Monday’s Mental Minute
It’s the quicker picker-upper that doesn’t come in a bottle or blister pack.
A 100% natural way to think clearer, reduce stress, learn faster, boost creativity, become more patient, solve problems, look younger and improve your health in too many areas to count–and there’s no crazy side-effects.
So what’s this drug-free wonder drug? A nap.
Far from being a waste of time, scores of studies show that a “power nap” can recharge your body and mind . As a result, you work faster, make fewer mistakes, gain insight into challenging problems, spark innovative ideas, and much more.

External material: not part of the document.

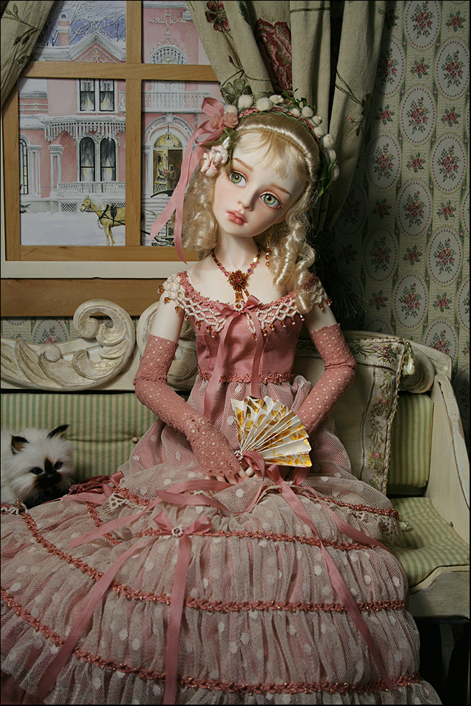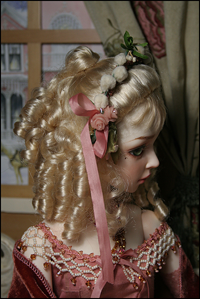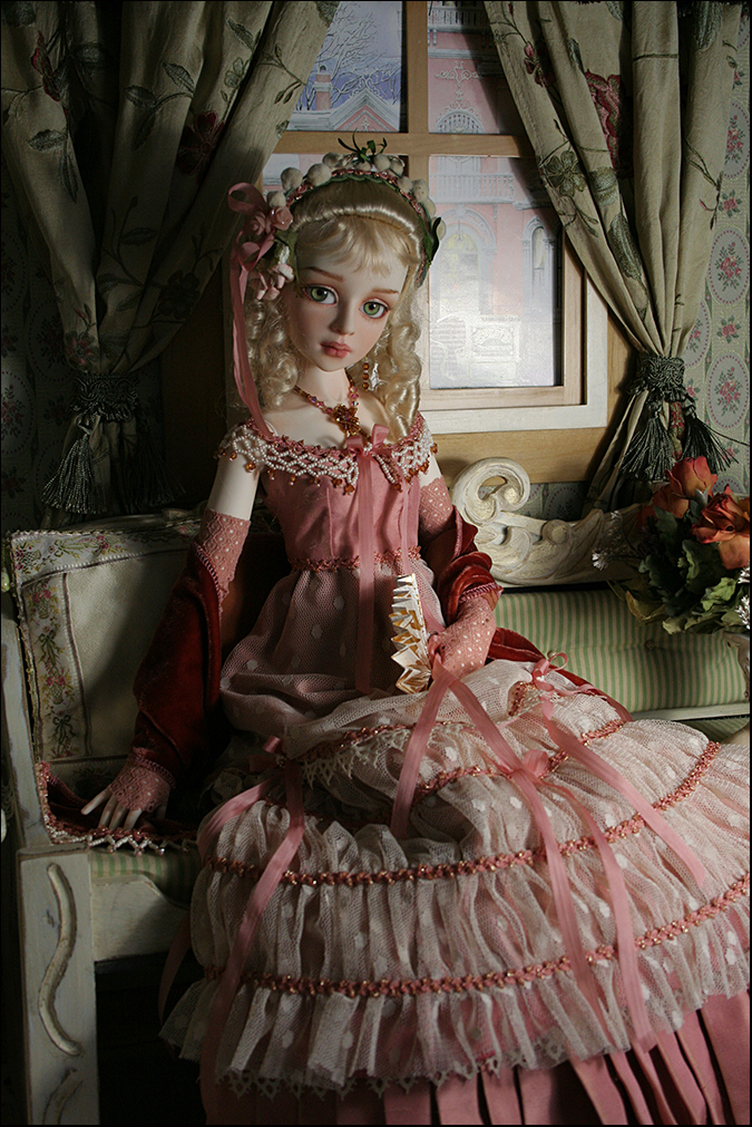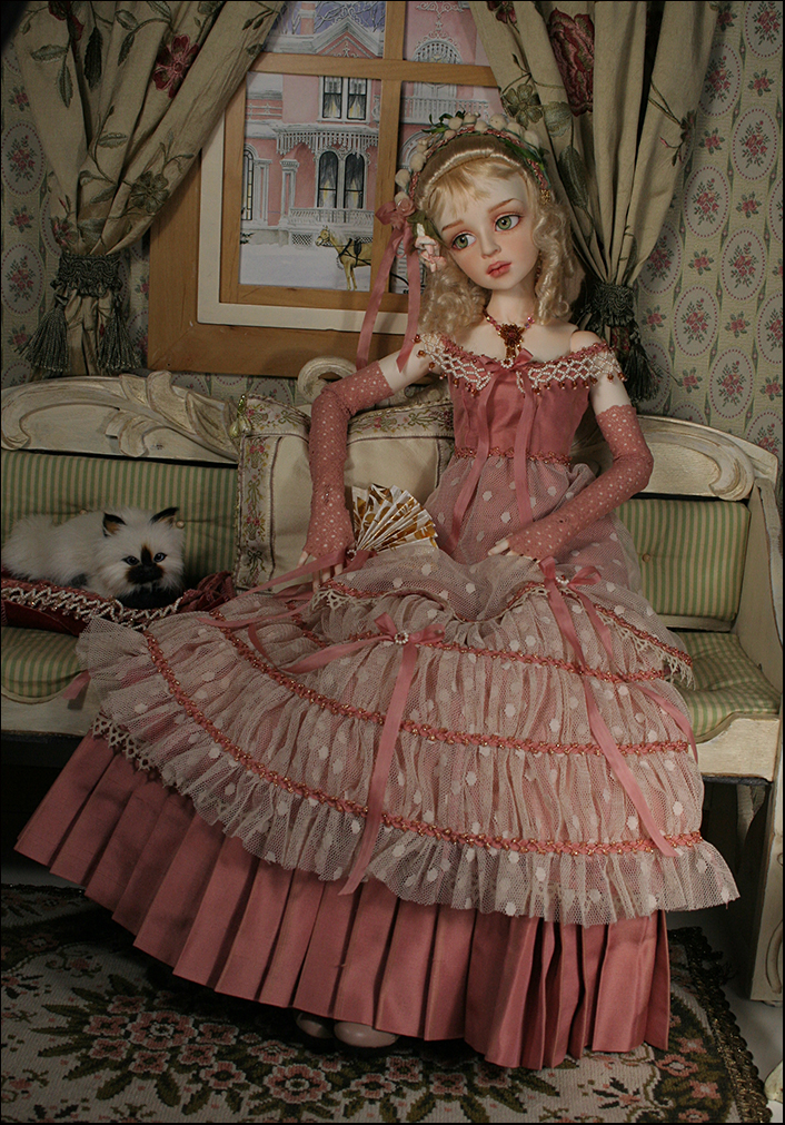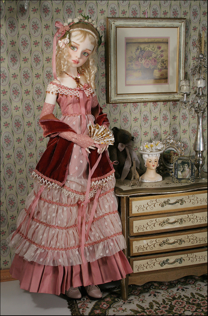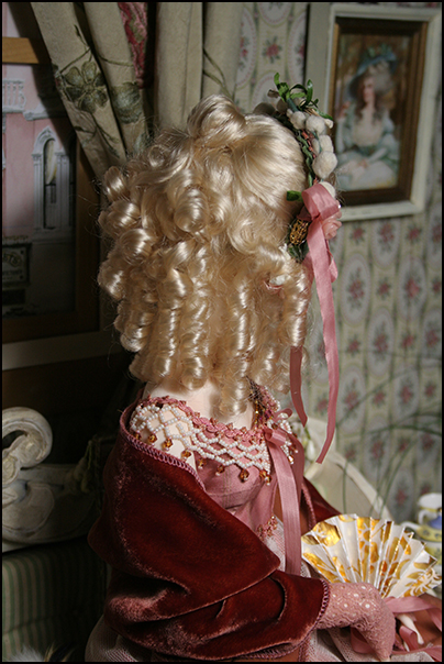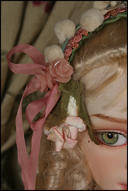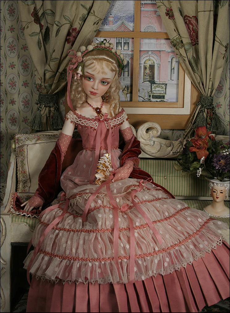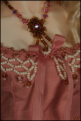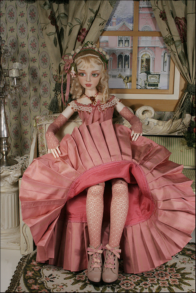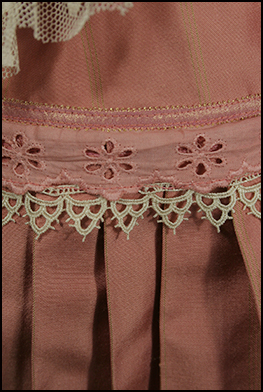 The over dress has a silk bodice with a beaded collar and gathered netting skrit (lined). The under skirt is the same silk as the bodice and has a pleated flounce (lined). She wears matching gloves and leggings.

In addition, the Pew Research Center recently found that 33% of people surveyed who earned more than $100,000 a year had taken a nap in the past 24 hours.
I’ve been a big fan of naps since even before I knew I had narcolepsy–for boosting energy as well as mind-clearing and stress reduction.
In fact, naps offer many of the same benefits as meditation, without the meditating (which has never been my strong suit!).
Who Should Take This? Everyone.
There’s a reason most people get drowsy in the afternoon, about 8 hours after waking, even if they get enough sleep at night and don’t eat a heavy meal for lunch.
Research shows our brain isn’t designed to go all day without rest–although even then, it’s still churning away behind the scenes consolidating new information, clearing out the old and sifting through our mental files for solutions.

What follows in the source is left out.